On July 3rd, we retreated further, back to the flight of five locks and down to Waterford. This was a fast trip, with from two to three knots of current helping us along. We passed plenty of cruising yachts moored in the basins between locks in the flight, sheltering from the potential violence of a Mohawk River in flood. On our approach to the last lock in the flight, we noticed that the yacht tied up closest to the lock gate made the approach channel quite narrow. It looked, though, as if we could just squeeze through. We coasted in at dead slow speed and just made it, the yacht’s and tug’s fenders just kissing. Whew!
For the next four days, we went into Museum mode, and our unscheduled stop at Waterford resulted in all those visitors. It didn’t hurt that we were open on the Fourth of July and that Saturday the 6th was the day of the annual steamboat meet. A dozen steam launches were the centerpieces of a real Waterford festival. It was great to see these lovely little vessels parading past, perfectly quiet except for their gentle huffs and puffs, until their skippers pulled their whistle cords.

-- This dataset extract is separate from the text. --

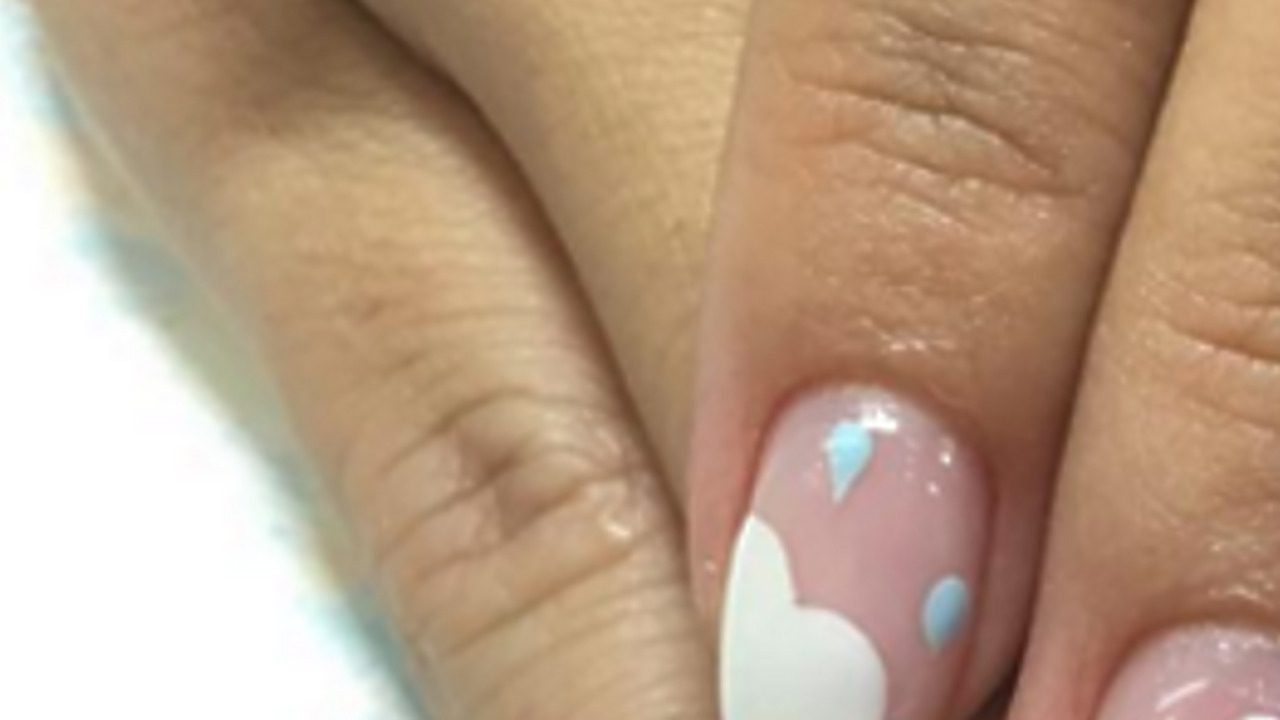 В тренде сейчас маникюр в дождливых тонах: с использованием белого, серого, голубого. Можно полностью окрасить ногти в один из этих цветов или создать сложный интересный дизайн.
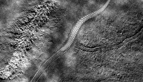 लेकिन हाल ही में वैज्ञानिकों ने एक अपवाद खोज निकाला है। एक जीवाश्म का पता लगाया है जो रेंगने की क्रिया करते अश्मीभूत हुआ है। यह चट्टान लगभग 56 करोड़ वर्ष पुरानी चट्टान है यानी लगभग उतनी ही पुरानी जितने कि जंतु हैं। यह छोटे-छोटे अनेक पैरों वाला एक चपटा-सा खंडित शरीर वाला जीव है जो काफी कुछ आधुनिक कनखजूरे जैसा दिखता है लेकिन इसका शरीर नर्म मालूम होता है। इस जीवाश्म के पीछे की चट्टान में एक लम्बी खांचेदार किनारों की लकीर-सी दिखाई देती है।

It is now July 10th. We hope to resume our journey west on the Erie Canal in about ten days. But, in the meantime, the city of Troy wants to see us, so tomorrow, we will head down the Hudson River for a four-day visit in the town which used to see canal boats by the hundreds, bringing in the raw materials that the famous Troy factories converted into stoves, flat irons, and, yes, symbol- of-hope anchors.
Roger Taylor
Captain
Looking forward to meeting up with The Lois in August for my “rotation”, wherever that may be. I hope the schedule can resume somewhere along the route. Be safe!
De l’eau, de l’eau, partout de l’eau!!!
Captain Taylor manages a pen (more likely a key board, as well as he manages a a big, unpowered canal boat.